Nunca se conocieron esas dos Floras, no se sintieron el olor, ni se miraron. No se rozaron la piel ni contaron juntas las estrellas. Nunca, nunca, y cuando es NUNCA, nunca se puede olvidar. La primera nieta Flora se fue sin dar aviso, se fue sin ruidos y sin jugar. La vida en la casita se puso a llorar.
Epílogo
La madre compró tul negro, envolvió el moisés rosado con el tul negro, lo subió arriba del ropero y lo dejó quieto. El moisés vacío vestido de negro guardaba las lágrimas y la soledad. Apenas pasaron tres meses cuando la segunda hija se animó a llegar al mundo. No era fácil hacerse un lugar. La tercera Flora de la familia, acostada en el nuevo moisés junto a la cama matrimonial, veía la sombra negra sobre el ropero. Ese punto que la madre miraba fijo cada vez que le daba de mamar, era para su almita solo otra cosa indescifrable. Todo era gris, negro, funesto, hasta la tarde en que la abuela Flora llegó a la casita.
Entonces el rojo explotó. Fue rojo el dolor, rojo el silencio, rojo el momento en el que la abuela entró a la casita con ramo de flores y pidió perdón. Fue un momento rojo, rojo de rabia, rojo de rencor, rojo de pesadumbre, de angustia y de vergüenza y debajo de todos los rojos, estaba encendido el rojo del amor.

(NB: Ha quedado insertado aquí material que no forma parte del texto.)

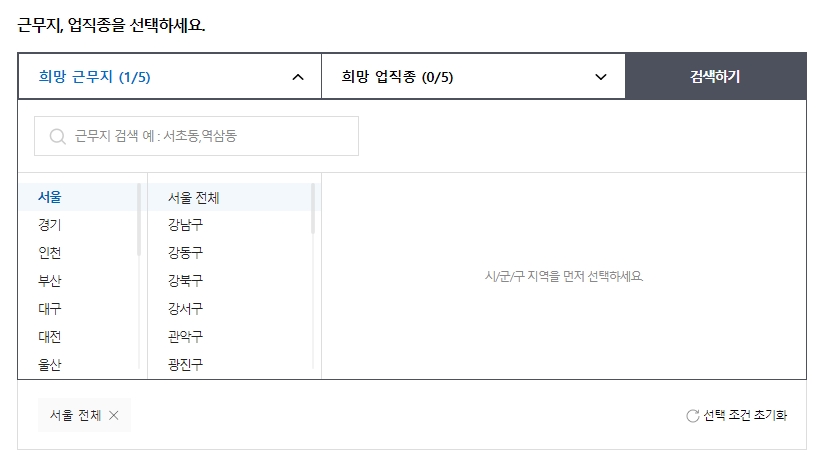 3. 서울을 클릭한 뒤에는 더 세부적으로 구 단위나 동 단위까지 선택할 수 있고, 필터를 조절해서 원하는 조건에 맞는 일자리만 골라볼 수 있어요.

Luego hubo un instante fuera del tiempo. Como si toda su vida tuviera como destino sellar ese momento, la abuela Flora recibió en los brazos a su segunda nieta Flora por primera vez. Como esos amores que estallan a la luz de un tango, fue un encuentro sin límites y sin condición. Se miraron para siempre y Flora, la segunda nieta, segura en los brazos de la abuela Flora, se abrió a lo desconocido, suspiró profundo y simplemente, vivió.